Pelari Indonesia Taklukkan Marathon Sahara dengan Sandal: Kisah Adaptasi dan Filosofi Natural Running

Kisah inspiratif datang dari Diego Yanuar, seorang pelari asal Indonesia yang mencuri perhatian dunia olahraga. Ia berhasil menyelesaikan salah satu tantangan lari terberat di muka bumi, Marathon des Sables, sepanjang 250 kilometer di Gurun Sahara, Maroko. Yang lebih mencengangkan, Diego menaklukkan ganasnya gurun pasir selama tujuh hari tersebut hanya dengan menggunakan sepasang sandal.

Keputusan Diego untuk berlari menggunakan sandal bukan tanpa alasan. Cedera kaki yang pernah dialaminya menjadi titik awal perjalanannya menuju natural running. Ia mulai mencari tahu teknik lari yang benar, jenis alas kaki yang sesuai, dan mendalami filosofi gerakan alami. Transformasi ini membawanya dari seorang pemain bola yang menjadikan lari sebagai latihan penunjang, menjadi seorang pelari maraton yang handal.
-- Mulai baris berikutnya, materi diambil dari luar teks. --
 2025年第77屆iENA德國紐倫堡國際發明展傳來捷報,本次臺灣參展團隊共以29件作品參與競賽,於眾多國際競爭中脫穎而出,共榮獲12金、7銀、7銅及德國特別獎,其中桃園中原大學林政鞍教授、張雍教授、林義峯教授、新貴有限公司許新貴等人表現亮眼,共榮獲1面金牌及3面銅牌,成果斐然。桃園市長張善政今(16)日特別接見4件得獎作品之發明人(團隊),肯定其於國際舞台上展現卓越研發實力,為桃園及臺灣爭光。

Sejak tahun 2015, Diego secara rutin mengikuti berbagai ajang maraton di Indonesia. Ia terus mengasah teknik, memperbaiki postur, dan meningkatkan catatan waktunya. Dedikasinya membuahkan hasil, hingga ia berhasil menuntaskan BTS100 Ultra, sebuah maraton yang menantang di kawasan Bromo Tengger Semeru. Namun, petualangannya tidak berhenti di situ. Diego kemudian memutuskan untuk beralih dari sepatu lari konvensional ke sandal.
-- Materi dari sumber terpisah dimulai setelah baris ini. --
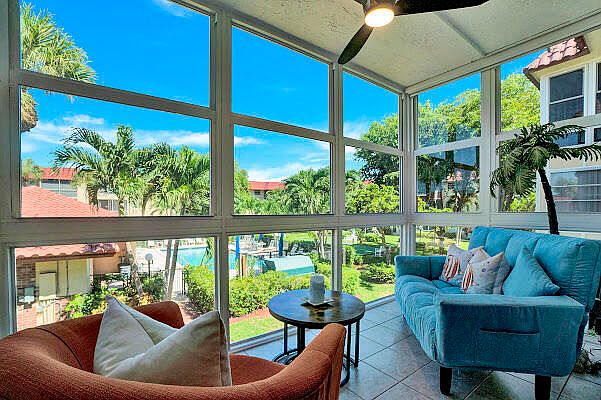 Stunning 2/2 renovated condo with an amazing impact glass enclosed Lanai located in a 55+ community with elevators. Enjoy your morning coffee or an evening glass of wine while taking in the tropical view. Meticulously maintained home with lots to offer. Kitchen has stainless steel appliances including an induction cooktop and oven with air fryer option. The wonderful amenities include pool, clubhouse with generator, billiards, putting green and shuffleboard. Building's roof was recently replace this year. Condo is located close to the beach, shopping and restaurants. Make this impressive condo your home!

Transisi ini membutuhkan waktu dan kesabaran. Diego membutuhkan waktu sekitar tiga tahun untuk beradaptasi sepenuhnya. Ia menyadari bahwa berlari dengan sepatu dan sandal melibatkan mekanisme tubuh yang berbeda. Oleh karena itu, perubahan secara bertahap sangat penting untuk mencegah cedera. Diego menekankan bahwa transisi yang terburu-buru dari sepatu ke sandal dapat merusak tubuh.

  • "Jika sudah terbiasa lari 10K dengan sepatu, harus menurunkan intensitas, memahami teknik lari yang benar, dan menyesuaikan kecepatan saat menggunakan sandal. Rasanya seperti memulai lari dari awal lagi," jelas Diego.
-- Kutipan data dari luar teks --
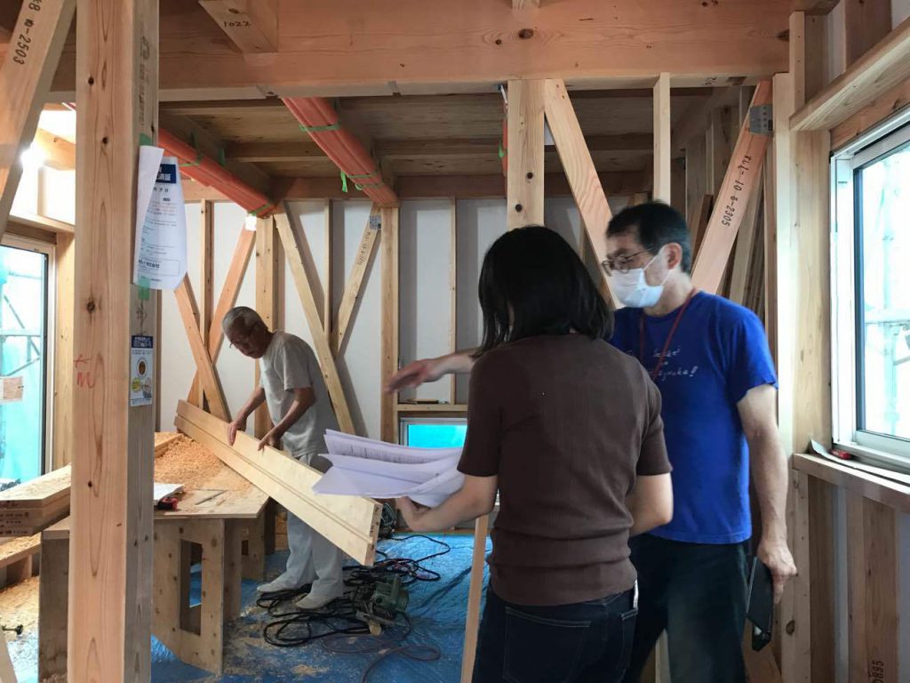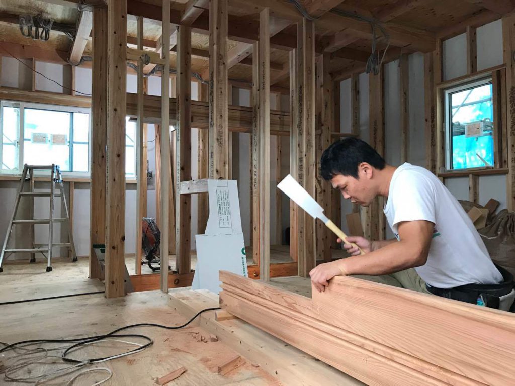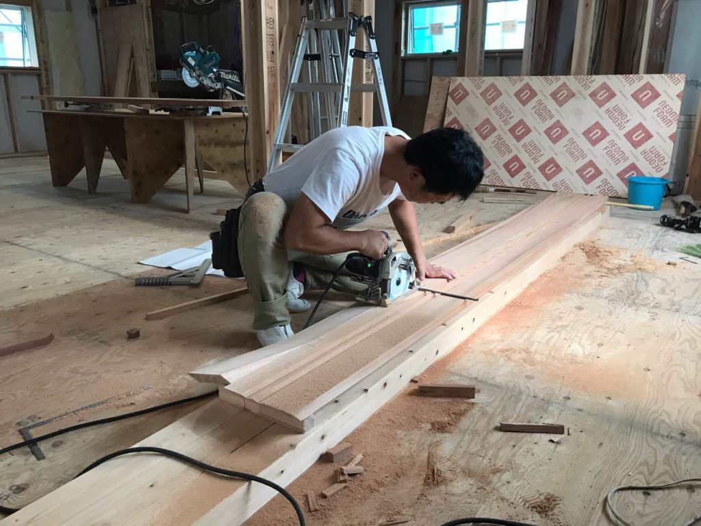 現場では山本大工が2階の木製建具枠の施工を手掛けていました。

Selama masa transisi, Diego mencoba berbagai jenis sepatu lari. Ia mulai dari sepatu konvensional hingga sepatu khusus dengan desain yang berbeda. Diego secara bertahap beralih ke sepatu zero drop and barefoot shaped shoes. Sepatu jenis ini tidak memiliki perbedaan ketinggian antara tumit dan bagian depan kaki, sehingga memberikan sensasi seperti berlari tanpa alas kaki.

Seiring waktu, Diego beralih ke model barefoot shaped shoes minimalis dengan bantalan yang lebih tipis. Hingga saat ini, ia menggunakan sandal khusus dari Pyopp Fledge. Diego mengungkapkan bahwa perawatan sandal ini sangat mudah, cukup disemprot dengan air seperti sandal biasa.

Setelah tiga tahun beradaptasi, Diego mantap menggunakan sandal, baik untuk lari sehari-hari maupun untuk mengikuti maraton. Selain karena alasan cedera, Diego juga meyakini bahwa natural running dan natural movement sejalan dengan filosofi hidupnya yang minimalis. Ia merasa lebih menyatu dengan alam dan memiliki koneksi yang lebih kuat dengan lingkungan sekitarnya.

Lebih lanjut, Diego menjelaskan bahwa penggunaan sandal memberikan kebebasan bergerak yang lebih besar pada kaki, menyerupai fleksibilitas tangan manusia. Hal ini juga mengurangi risiko blister yang sering disebabkan oleh gesekan antara kulit, kaus kaki, dan sepatu. Kisah Diego Yanuar adalah bukti bahwa dengan tekad, adaptasi, dan keyakinan pada filosofi yang dianut, batasan dapat dilampaui dan tantangan terberat sekalipun dapat ditaklukkan.